*** DATA SHOWN Section Begins ***
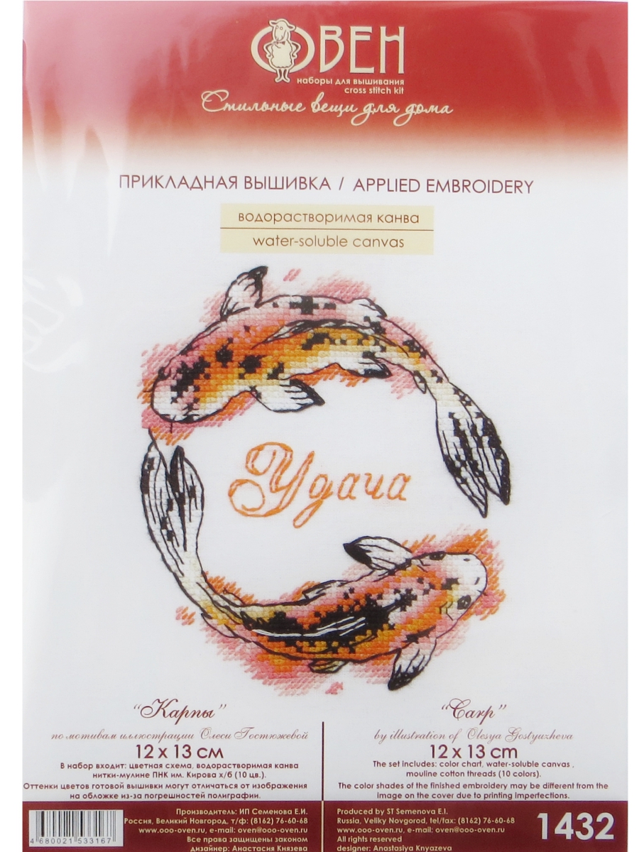 Набор для вышивания «Овен» 1432 "Карпы"13*12 см
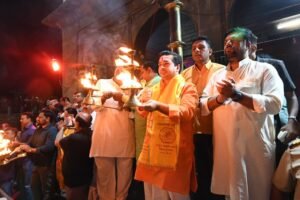 : भगवा कुर्ता पेहराव परिधान केलेल्या हिंदुत्ववादी नेते मंत्री नितेशजी राणे यांच्या हस्ते पवित्र गंगेच्या तीरी महाआरती करण्यात आली.
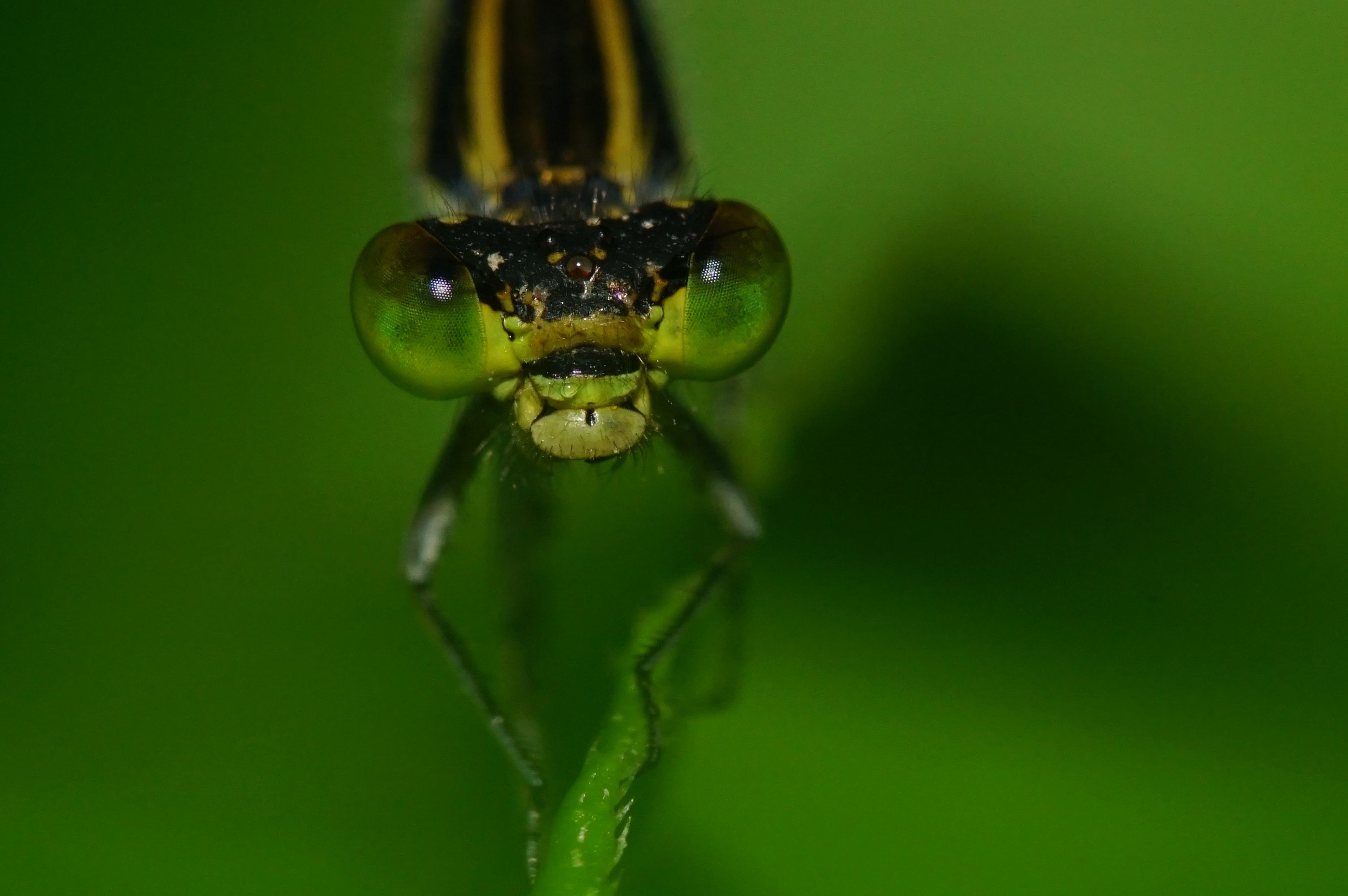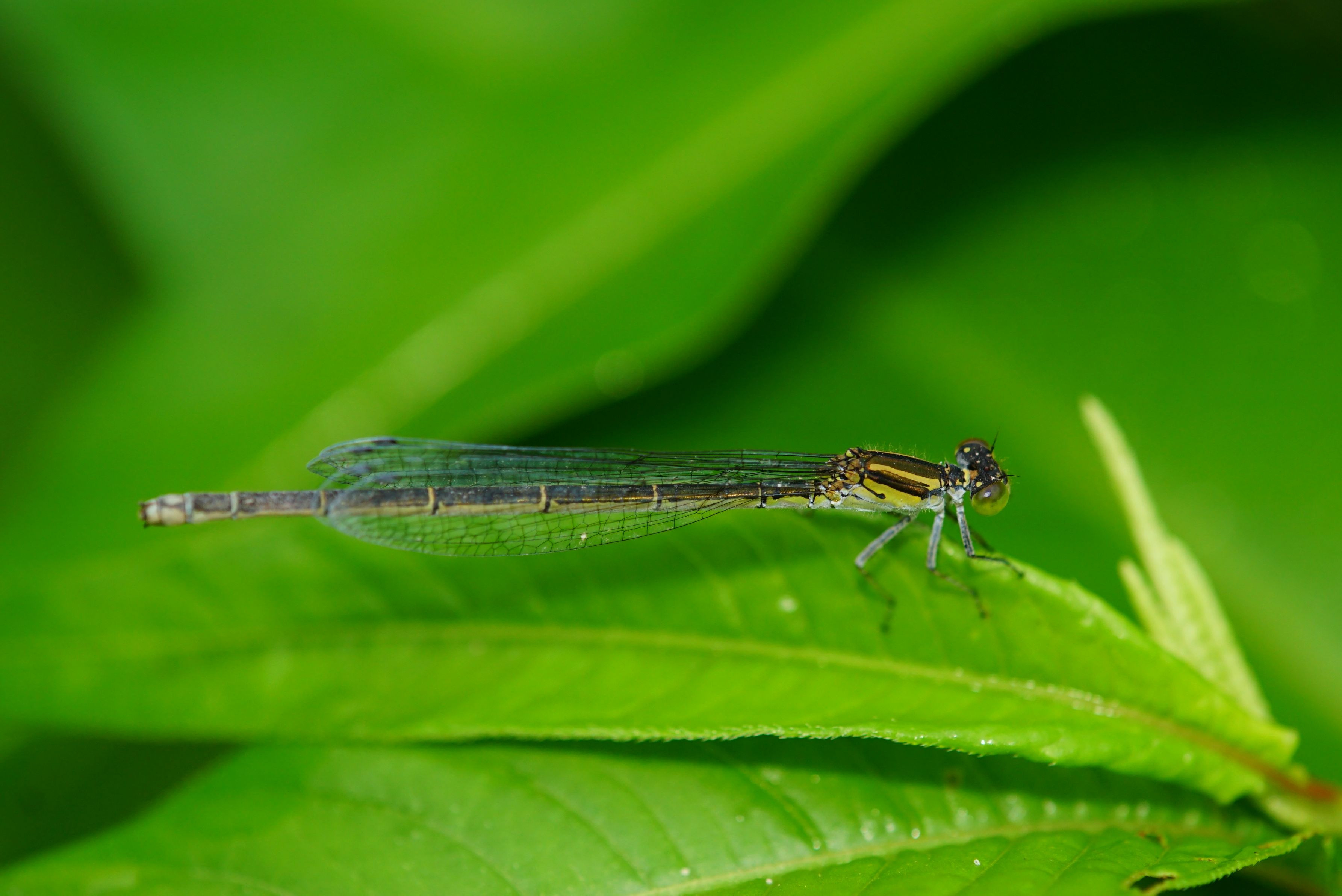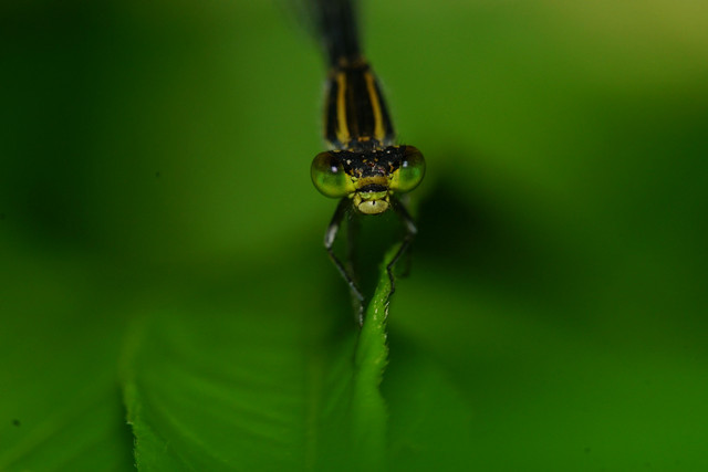 早朝の川の止水域を探索すると、まだ寝ぼけているクロイトトンボのお嬢さんに出会いました。
*** DATA SHOWN Section Ends ***
[TASK BRIEF]
Output the data exactly as it is, with the pictures dropped.

[YOUR RESPONSE]
 Набор для вышивания «Овен» 1432 "Карпы"13*12 см
 : भगवा कुर्ता पेहराव परिधान केलेल्या हिंदुत्ववादी नेते मंत्री नितेशजी राणे यांच्या हस्ते पवित्र गंगेच्या तीरी महाआरती करण्यात आली.
 早朝の川の止水域を探索すると、まだ寝ぼけているクロイトトンボのお嬢さんに出会いました。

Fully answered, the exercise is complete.